Figure 1.

Overview of one-carbon metabolism. Folic acid (used in fortified foods and supplements) is reduced to dihydrofolate (DHF) and tetrahydrofolate (THF) by dihydrofolate reductase (DHFR). A methyl group is then transferred from serine to THF by serine hydroxymethyltransferase (SHMT), forming 5,10-methylene-THF and glycine. 5,10-methylene-THF can be reduced by 5,10-methylene tetrahydrofolate reductase (MTHFR) to 5-methyl-THF. The methyl group of 5-methyl-THF, the predominant naturally occurring form in dietary sources, is transferred to homocysteine by methionine synthase (MS), generating methionine and regenerating THF. Vitamin B₁₂ is a cofactor for MS. Methionine can also be generated independently of folate and B₁₂, by the action of betaine-homocysteine methyltransferase (BHMT), which transfers a methyl group from betaine to homocysteine.
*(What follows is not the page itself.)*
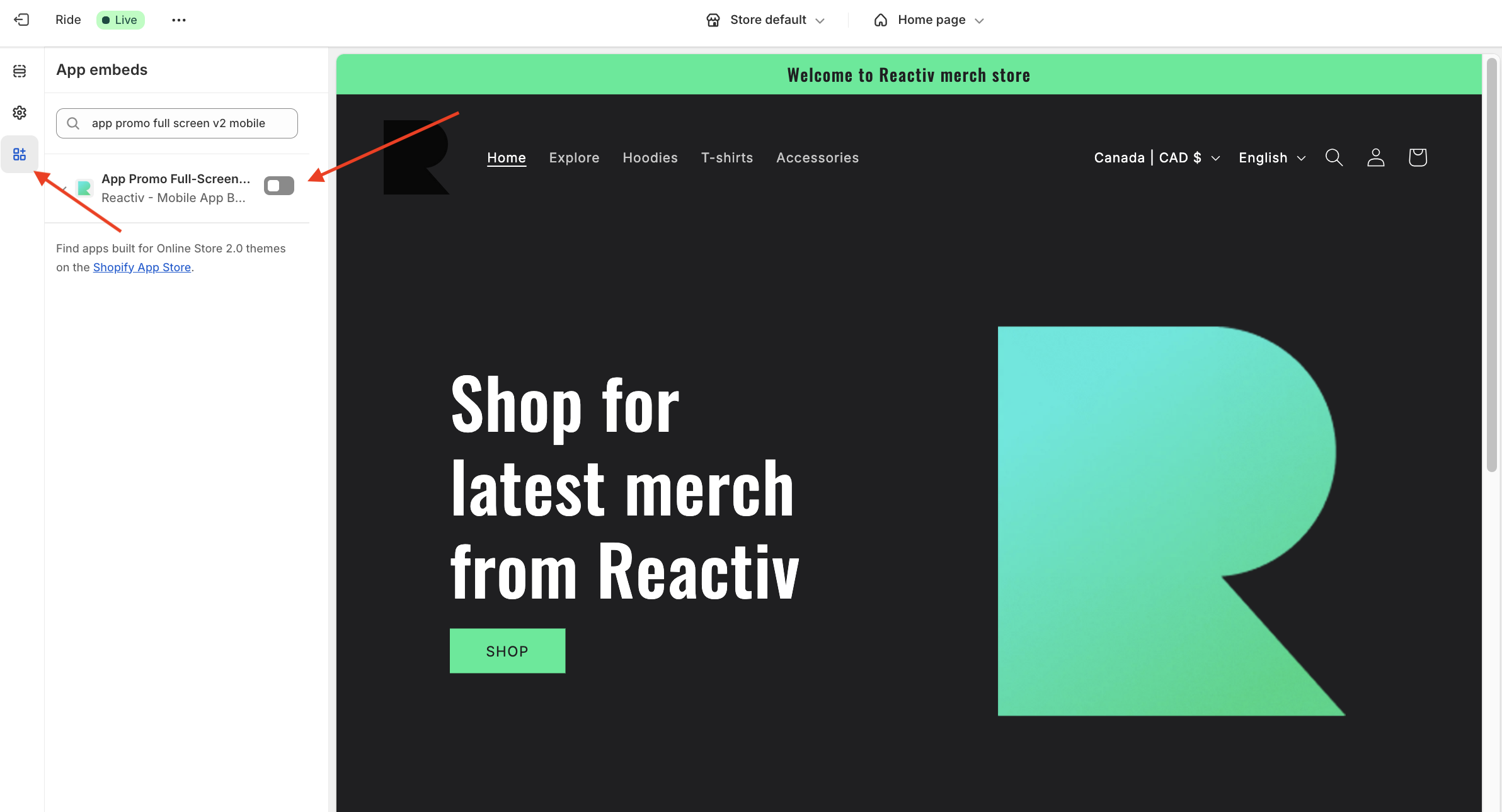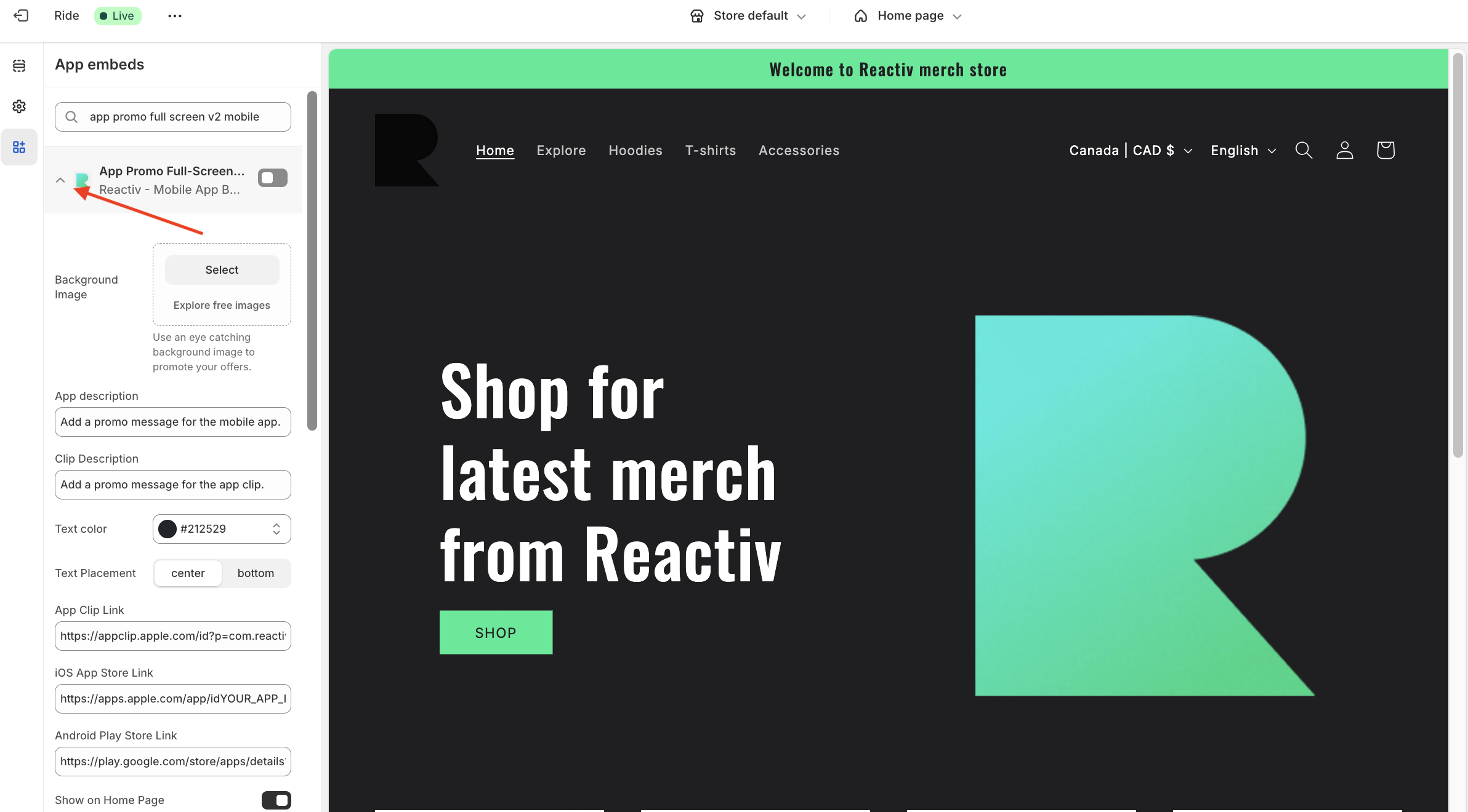 Add Reactiv's Header Banner to your Shopify Store

Methionine is then activated by methionine adenosyltransferase (MAT) to form S-adenosylmethionine (SAM), which serves as a universal methyl donor for numerous reactions, including the conversion of inorganic arsenic to methylated arsenicals (by arsenic methyltransferase; AS3MT), guanidinoacetate (GAA) to creatine (by guanidinoacetate methyltransferase; GAMT), and many others. The products of these methylation reactions are the methylated substrate and S-adenosylhomocysteine (SAH). SAH is subsequently hydrolyzed by SAH hydrolase (SAHH) to generate homocysteine. Homocysteine is then used either to regenerate methionine, or it is directed to the transsulfuration pathway.